TASK MATERIAL
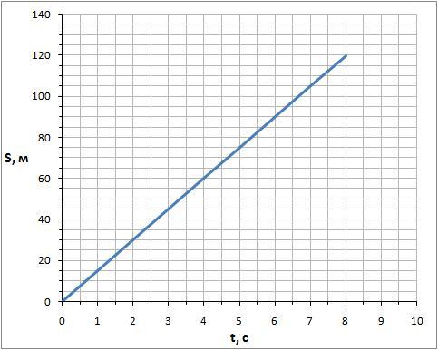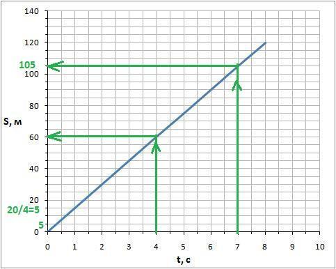 На рисунке представлена зависимость пройденного пути от времени катера. Какой путь прошел катер за 4 и за 7 секунд после начала движения?
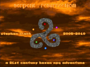 Serpent: Resurrection is a Hexen adventure designed to merge the speed and action of FPS'es with the progression and strategies of RPG's. It takes place in another world, some time after Shadowcaster ended. Most of the story will be explained in-game but in short, some crazy dark mage has resurrected the three Serpent Riders on the largest island o f a nearby archipalego and failed to control them. The adventurer from Shadowcaster was sent out to defeat them but nothing was heard for a while, so the player is sent out after him.
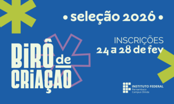O Campus Olinda do Instituto Federal de Educação, Ciência e Tecnologia de Pernambuco (IFPE) publicou, nesta terça-feira (24), o edital do Programa Birô de Criação 2026. A iniciativa tem como objetivo fortalecer o processo de ensino-aprendizagem por meio da prática profissional, com foco na criação e produção de mídias digitais para redes sociais, dando visibilidade às ações de Ensino, Pesquisa e Extensão desenvolvidas no campus.
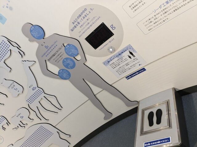 体重計に乗ると、体の中の塩の量を測ってくれます。大人だと体重の0.3〜0.4%くらいとのこと。60kgで180〜240gくらいです。
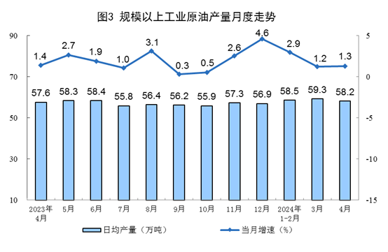原油生產(chǎn)平穩(wěn)增長(zhǎng),進(jìn)口由降轉(zhuǎn)增。4月份,規(guī)上工業(yè)原油產(chǎn)量1747萬噸,同比增長(zhǎng)1.3%,增速比3月份加快0.1個(gè)百分點(diǎn);日均產(chǎn)量58.2萬噸。進(jìn)口原油4472萬噸,同比增長(zhǎng)5.9%。
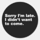 Pegatina Redonda Siento llegar tarde. No quería venir
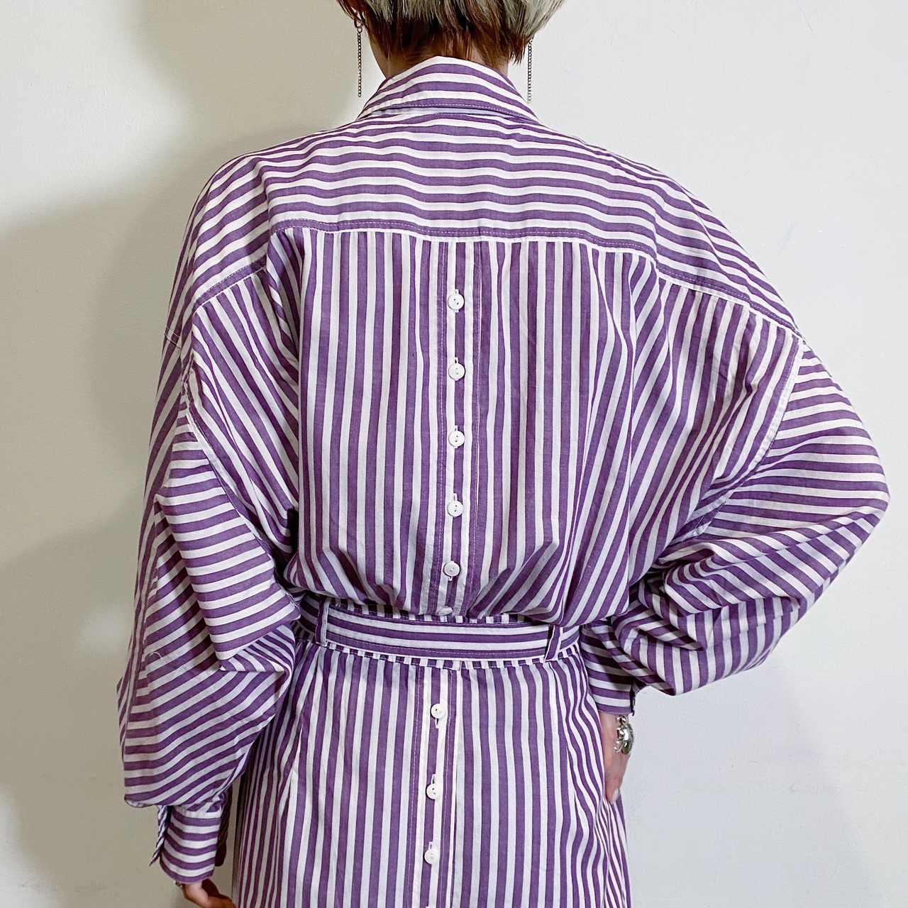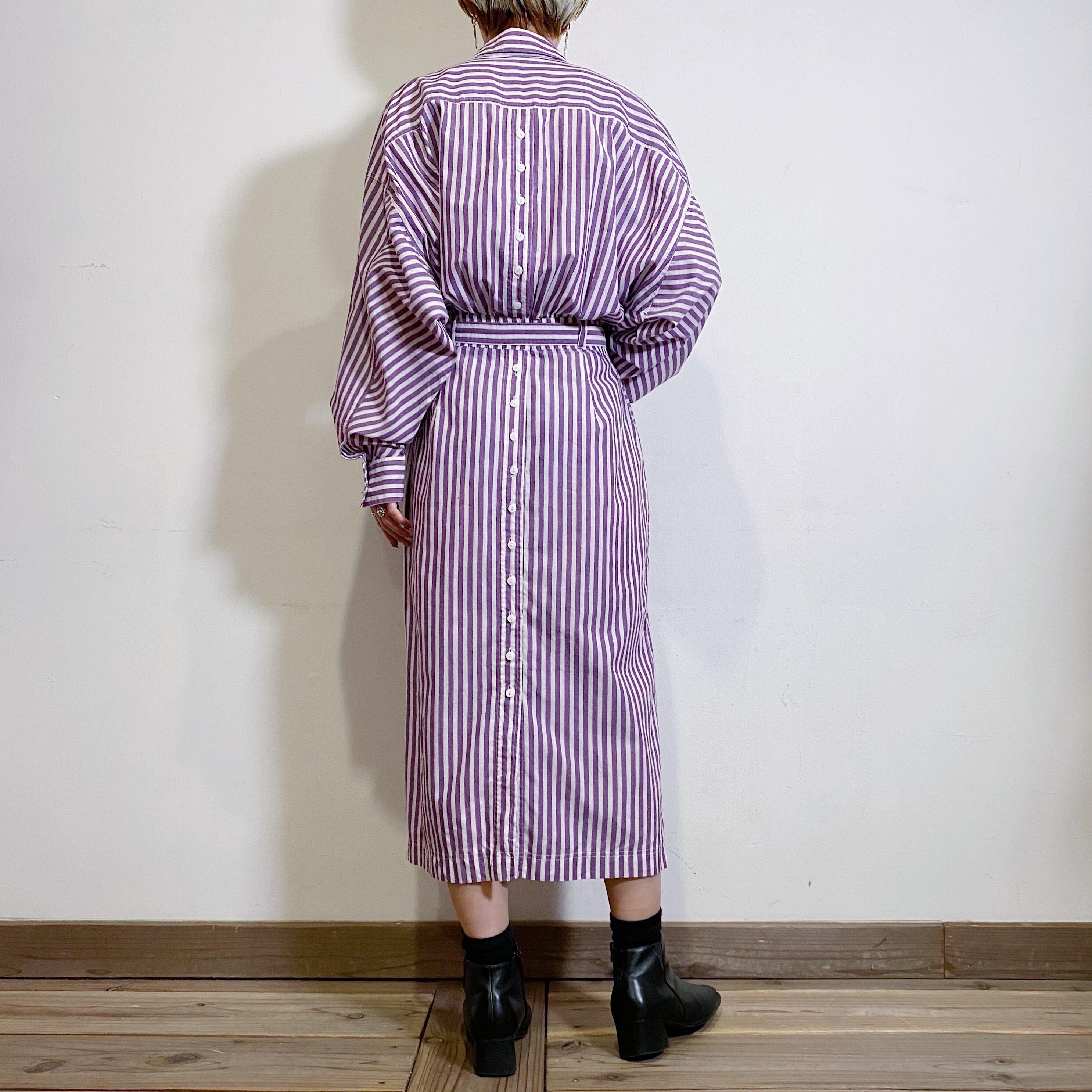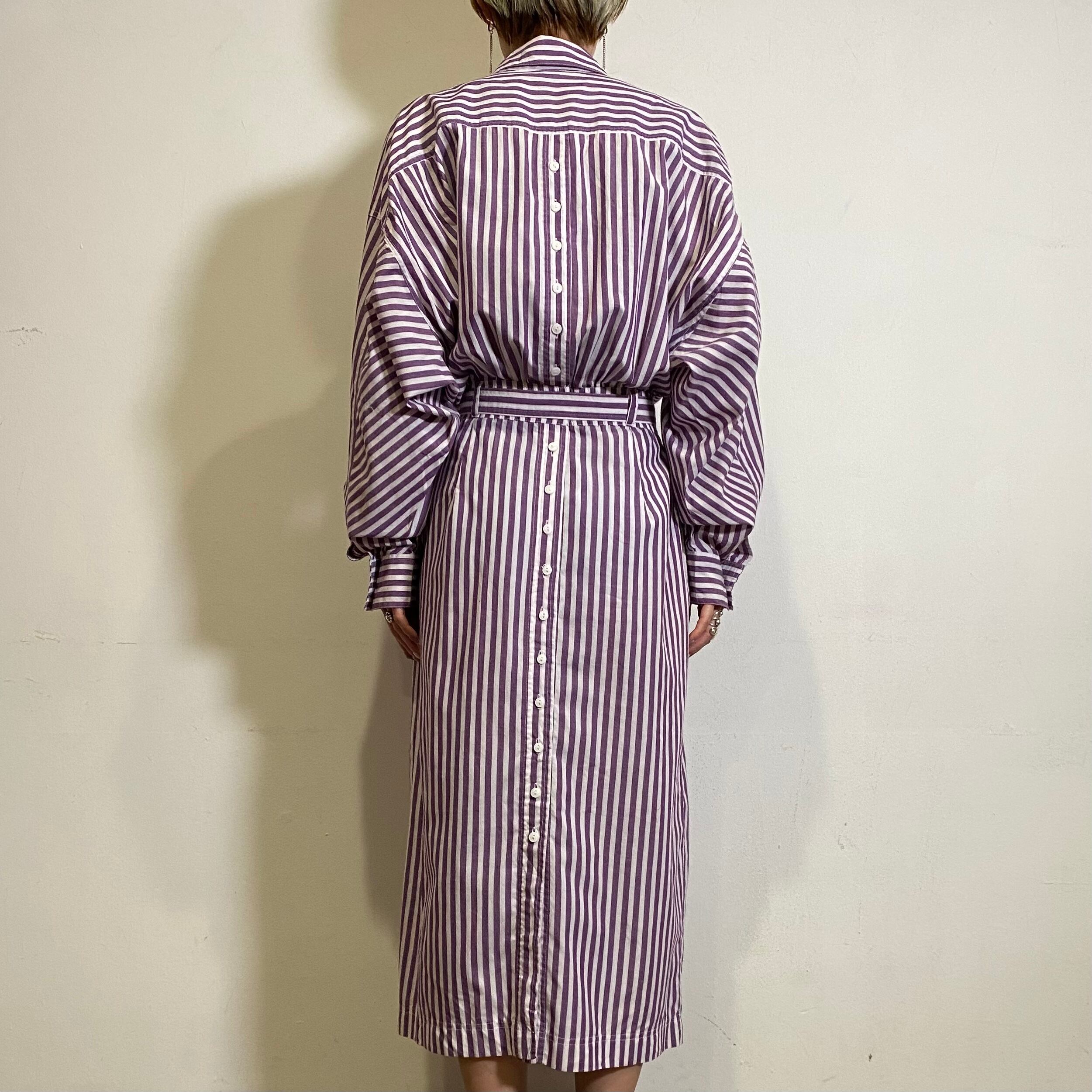 パープルとホワイトのストライプが可愛い、80年代のシャツワンピースです。
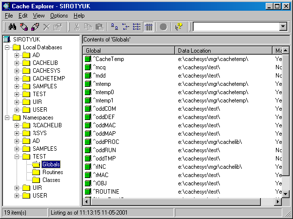 Для доступа к многомерным структурам ядра СУБД Cache можно воспользоваться утилитой Cache Explorer. Утилита Cache Explorer предоставляет возможности просмотра, печати, импорта/экспорта глобалей, классов и программ Cache. Внешний вид утилиты приведен на рис. 6.

TASK PROMPT
Please write out, exactly, every line from the line with "Pegatina Redonda Siento" through the final line of the data above, leaving out pictures.

WRITTEN ANSWER
 Pegatina Redonda Siento llegar tarde. No quería venir
 パープルとホワイトのストライプが可愛い、80年代のシャツワンピースです。
 Для доступа к многомерным структурам ядра СУБД Cache можно воспользоваться утилитой Cache Explorer. Утилита Cache Explorer предоставляет возможности просмотра, печати, импорта/экспорта глобалей, классов и программ Cache. Внешний вид утилиты приведен на рис. 6.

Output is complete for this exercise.